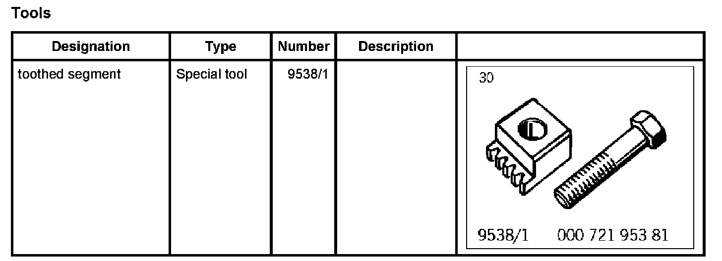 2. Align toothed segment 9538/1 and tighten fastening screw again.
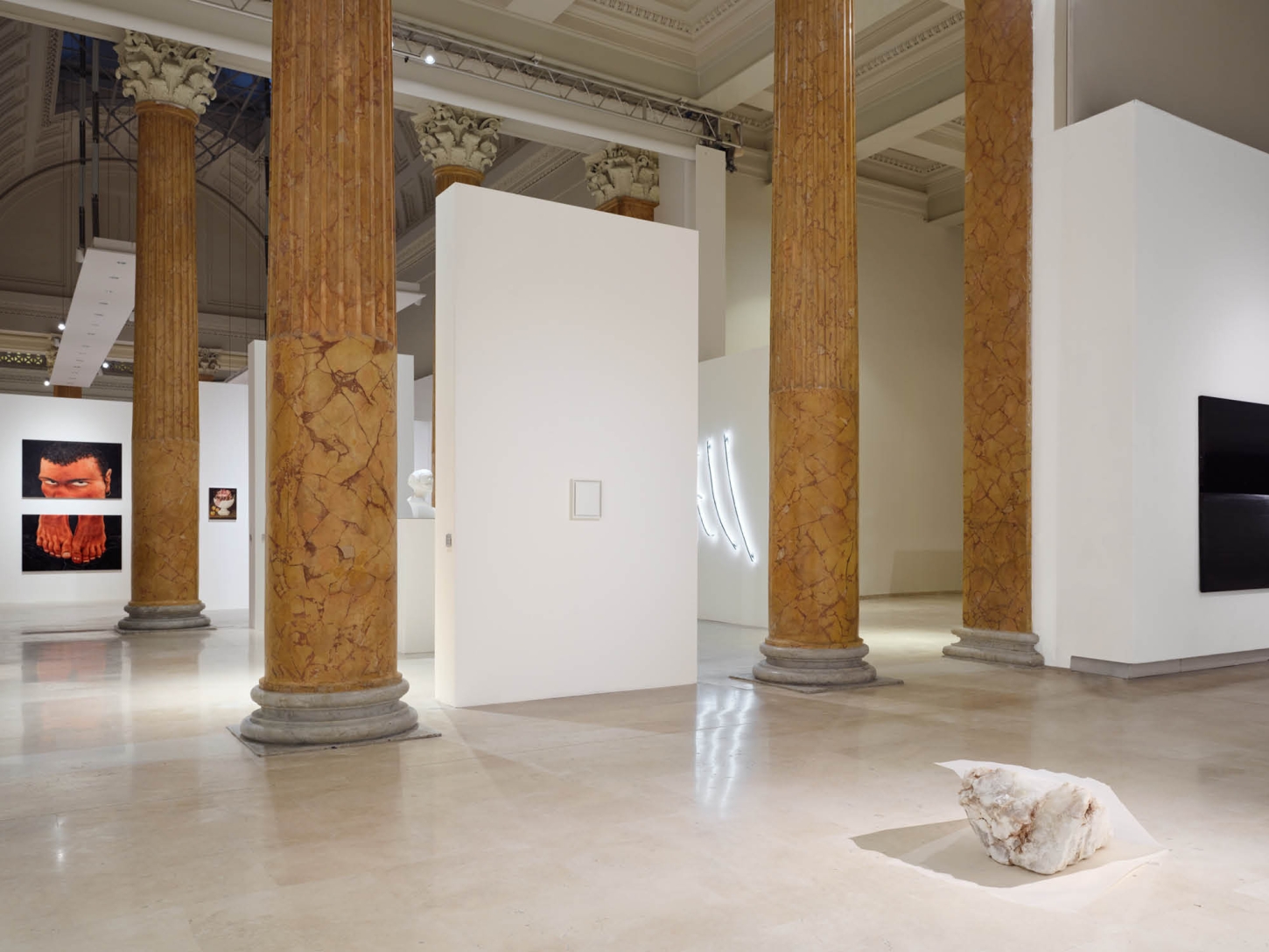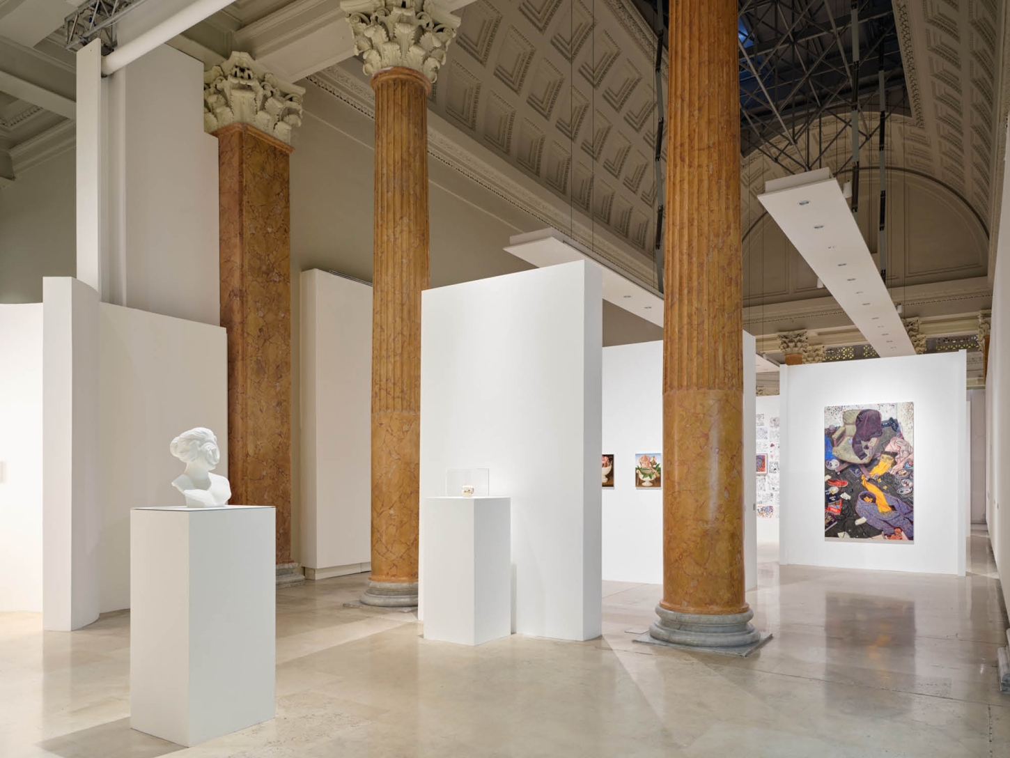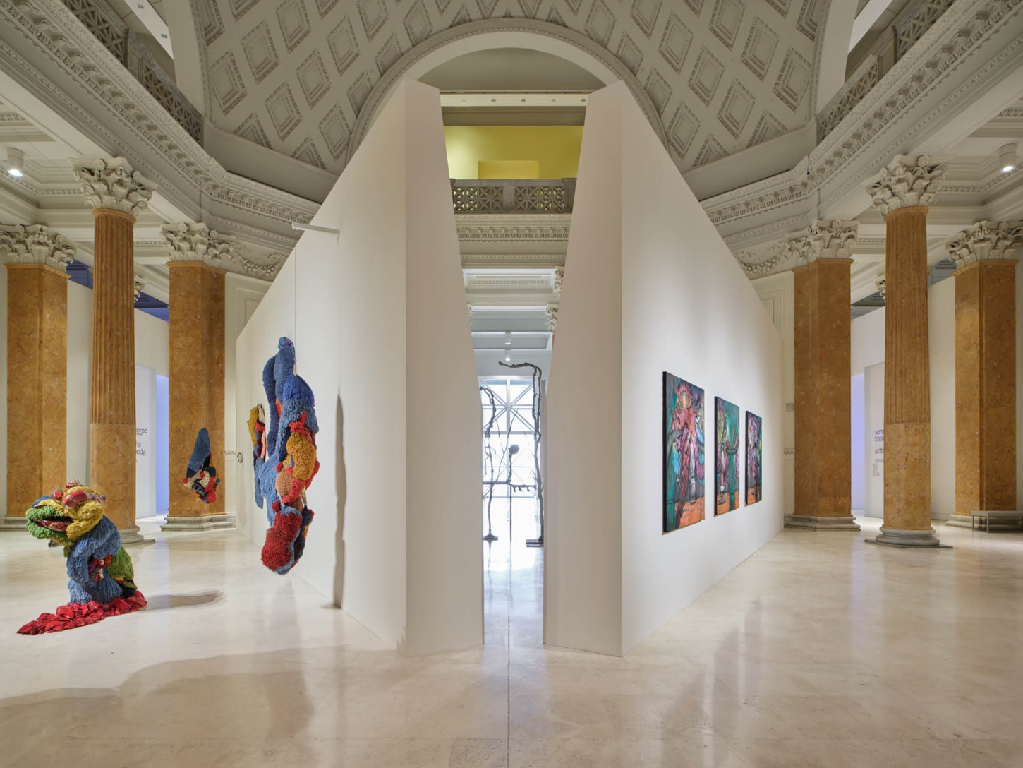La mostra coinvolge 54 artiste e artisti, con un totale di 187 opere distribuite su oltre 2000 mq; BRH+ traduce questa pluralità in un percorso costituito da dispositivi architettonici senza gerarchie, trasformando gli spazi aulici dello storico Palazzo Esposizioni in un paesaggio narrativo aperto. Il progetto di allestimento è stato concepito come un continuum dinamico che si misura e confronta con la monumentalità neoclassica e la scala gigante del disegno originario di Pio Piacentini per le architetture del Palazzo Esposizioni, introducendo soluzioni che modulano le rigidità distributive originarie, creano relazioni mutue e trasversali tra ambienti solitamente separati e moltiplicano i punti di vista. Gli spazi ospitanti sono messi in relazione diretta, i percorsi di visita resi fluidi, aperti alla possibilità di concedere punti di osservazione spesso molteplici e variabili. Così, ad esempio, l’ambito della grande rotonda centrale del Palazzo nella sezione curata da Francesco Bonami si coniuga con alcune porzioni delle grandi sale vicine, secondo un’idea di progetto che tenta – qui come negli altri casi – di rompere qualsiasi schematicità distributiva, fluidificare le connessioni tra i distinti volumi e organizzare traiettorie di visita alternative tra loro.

--

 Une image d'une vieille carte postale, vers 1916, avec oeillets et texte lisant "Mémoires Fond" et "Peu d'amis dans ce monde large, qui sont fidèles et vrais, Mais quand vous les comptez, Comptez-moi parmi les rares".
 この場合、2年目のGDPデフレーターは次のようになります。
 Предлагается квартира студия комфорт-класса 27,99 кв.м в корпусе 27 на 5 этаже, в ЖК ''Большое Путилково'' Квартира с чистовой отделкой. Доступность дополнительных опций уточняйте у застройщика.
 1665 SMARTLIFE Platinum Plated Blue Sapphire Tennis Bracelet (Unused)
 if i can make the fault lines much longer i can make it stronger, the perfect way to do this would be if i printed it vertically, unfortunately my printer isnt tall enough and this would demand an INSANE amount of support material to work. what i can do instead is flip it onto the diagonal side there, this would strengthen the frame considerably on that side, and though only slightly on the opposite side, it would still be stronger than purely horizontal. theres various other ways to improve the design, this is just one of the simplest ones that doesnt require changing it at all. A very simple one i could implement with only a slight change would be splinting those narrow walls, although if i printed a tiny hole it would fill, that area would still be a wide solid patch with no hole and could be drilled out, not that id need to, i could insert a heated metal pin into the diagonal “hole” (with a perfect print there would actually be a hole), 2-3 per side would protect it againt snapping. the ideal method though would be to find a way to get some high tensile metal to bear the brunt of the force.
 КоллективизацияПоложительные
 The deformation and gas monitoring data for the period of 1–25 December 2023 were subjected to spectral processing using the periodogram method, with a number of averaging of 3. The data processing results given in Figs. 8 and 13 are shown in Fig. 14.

_Exercise aim_
For each line above that contains the word "with", make a copy.

_Output for this exercise_
 if i can make the fault lines much longer i can make it stronger, the perfect way to do this would be if i printed it vertically, unfortunately my printer isnt tall enough and this would demand an INSANE amount of support material to work. what i can do instead is flip it onto the diagonal side there, this would strengthen the frame considerably on that side, and though only slightly on the opposite side, it would still be stronger than purely horizontal. theres various other ways to improve the design, this is just one of the simplest ones that doesnt require changing it at all. A very simple one i could implement with only a slight change would be splinting those narrow walls, although if i printed a tiny hole it would fill, that area would still be a wide solid patch with no hole and could be drilled out, not that id need to, i could insert a heated metal pin into the diagonal “hole” (with a perfect print there would actually be a hole), 2-3 per side would protect it againt snapping. the ideal method though would be to find a way to get some high tensile metal to bear the brunt of the force.
 The deformation and gas monitoring data for the period of 1–25 December 2023 were subjected to spectral processing using the periodogram method, with a number of averaging of 3. The data processing results given in Figs. 8 and 13 are shown in Fig. 14.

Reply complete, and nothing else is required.